- [Supplied information]
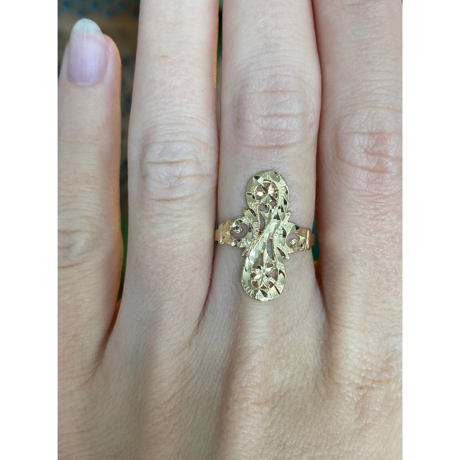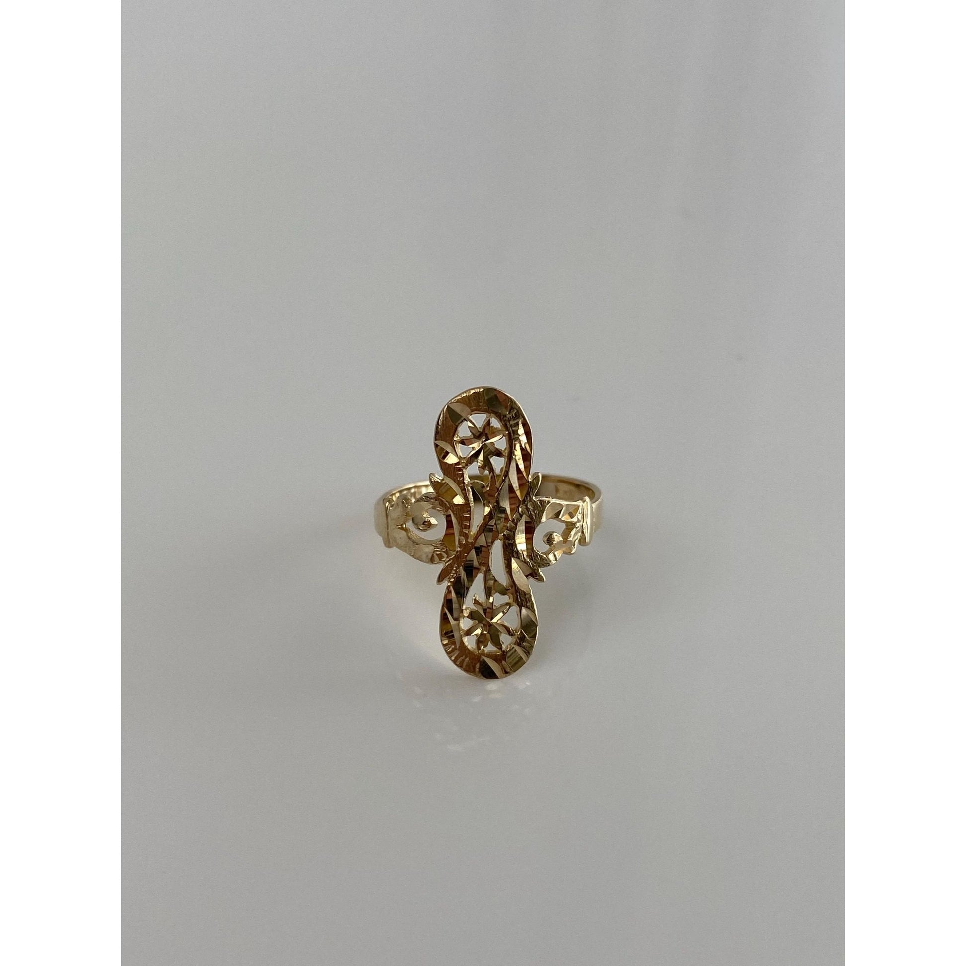 Vintage Solid 10k Yellow Gold Diamond Cut Ring - Size 6
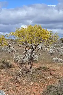 Subspecies cardiosperma grows on rocky hillsides in arid places in the Coolgardie, Great Victoria Desert, Mallee, Murchison and Nullarbor bioregions of Western Australia.[3][13] Subspecies gawlerensis grows in rocky places and in sand on the Eyre Peninsula and in the northwest corner of South Australia,[4] and subsp. microphylla grows in arid shrubland in the far north-western corner of South Australia and in the south of the Northern Territory.[5]
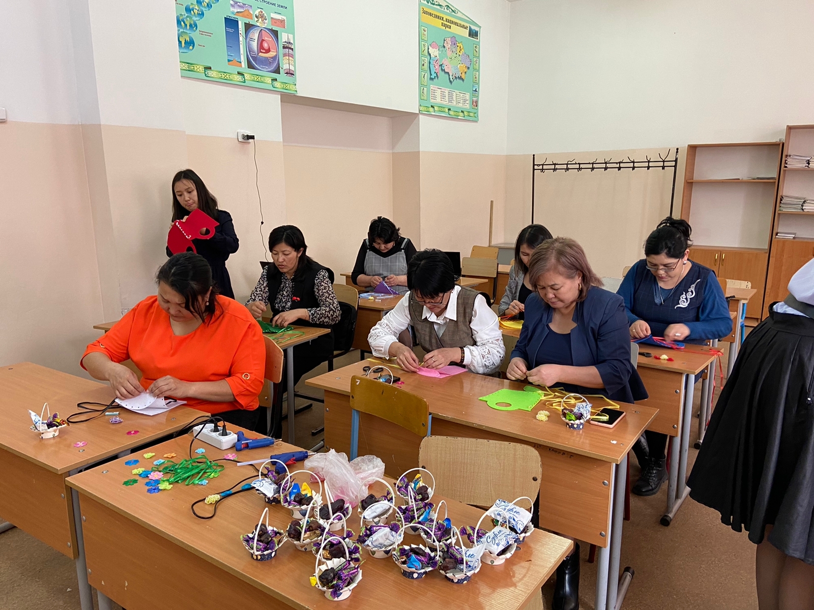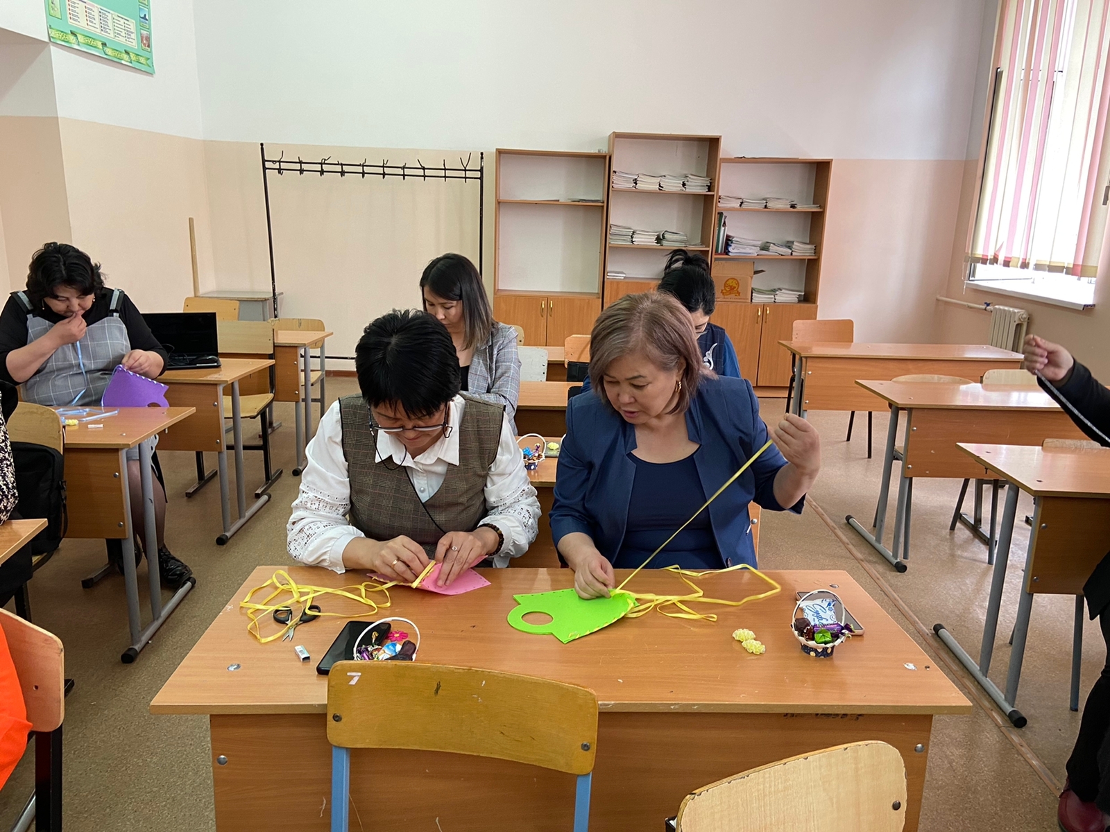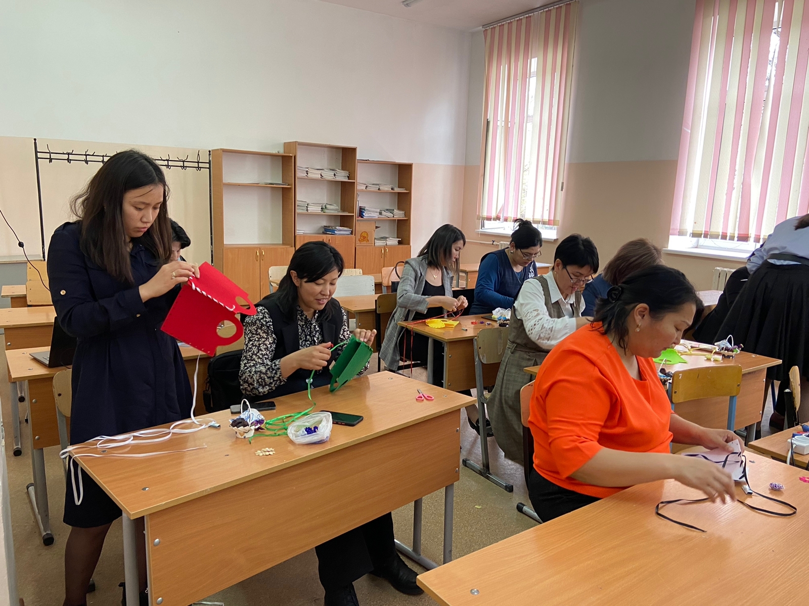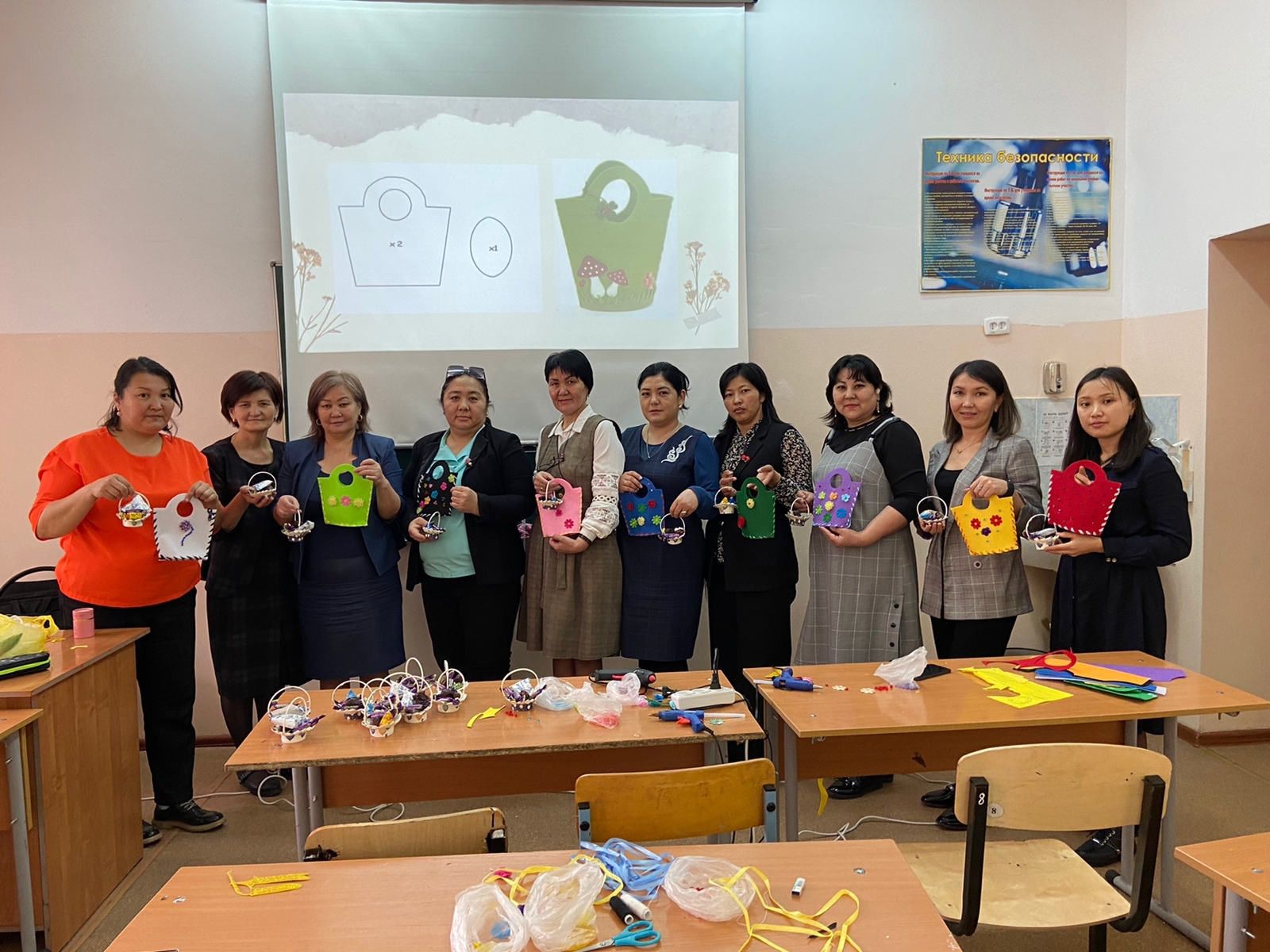 Бүгін Эстетикалық пәндер бірлестігінің онкүндігі аясында «Фетрмен жұмыс жасау» тақырыбында шеберлік сабақ өтті. Ұйымдастырушы апайлар, «Көркем еңбек» пәнінің мұғалімдері Бижанова Гүлжан мен Сауат Айман шеберлік сабағында мұғалімдерге фетрмен жұмыс жасаудың әдіс-тәсілдерін үйретіп, қалай әдемі, тез және күнделікті қажетті болатын заттарды жасаудың жолдарын көрсетті. Сабаққа қатысқан мұғалімдер бір кісідей атсалысып, тігін өнеріндегі қабілеттерін ортаға салып, әдемі, шағын бұйымды жасап шығаруға тырысып бақты. Нәтижесінде барлық қатысушылар фетрді пайдалана отырып, безендірілген әдемі сөмкені жасап шығарды. Онкүндік аясында ұйымдастырылған аталмыш сабақ сәтті өтіп, қатысушы мұғалімдер дән-риза болып жатты.

- [The problem]
Repeat each line above exactly. The pictures stay out.

- [Result for this exercise]
 Vintage Solid 10k Yellow Gold Diamond Cut Ring - Size 6
 Subspecies cardiosperma grows on rocky hillsides in arid places in the Coolgardie, Great Victoria Desert, Mallee, Murchison and Nullarbor bioregions of Western Australia.[3][13] Subspecies gawlerensis grows in rocky places and in sand on the Eyre Peninsula and in the northwest corner of South Australia,[4] and subsp. microphylla grows in arid shrubland in the far north-western corner of South Australia and in the south of the Northern Territory.[5]
 Бүгін Эстетикалық пәндер бірлестігінің онкүндігі аясында «Фетрмен жұмыс жасау» тақырыбында шеберлік сабақ өтті. Ұйымдастырушы апайлар, «Көркем еңбек» пәнінің мұғалімдері Бижанова Гүлжан мен Сауат Айман шеберлік сабағында мұғалімдерге фетрмен жұмыс жасаудың әдіс-тәсілдерін үйретіп, қалай әдемі, тез және күнделікті қажетті болатын заттарды жасаудың жолдарын көрсетті. Сабаққа қатысқан мұғалімдер бір кісідей атсалысып, тігін өнеріндегі қабілеттерін ортаға салып, әдемі, шағын бұйымды жасап шығаруға тырысып бақты. Нәтижесінде барлық қатысушылар фетрді пайдалана отырып, безендірілген әдемі сөмкені жасап шығарды. Онкүндік аясында ұйымдастырылған аталмыш сабақ сәтті өтіп, қатысушы мұғалімдер дән-риза болып жатты.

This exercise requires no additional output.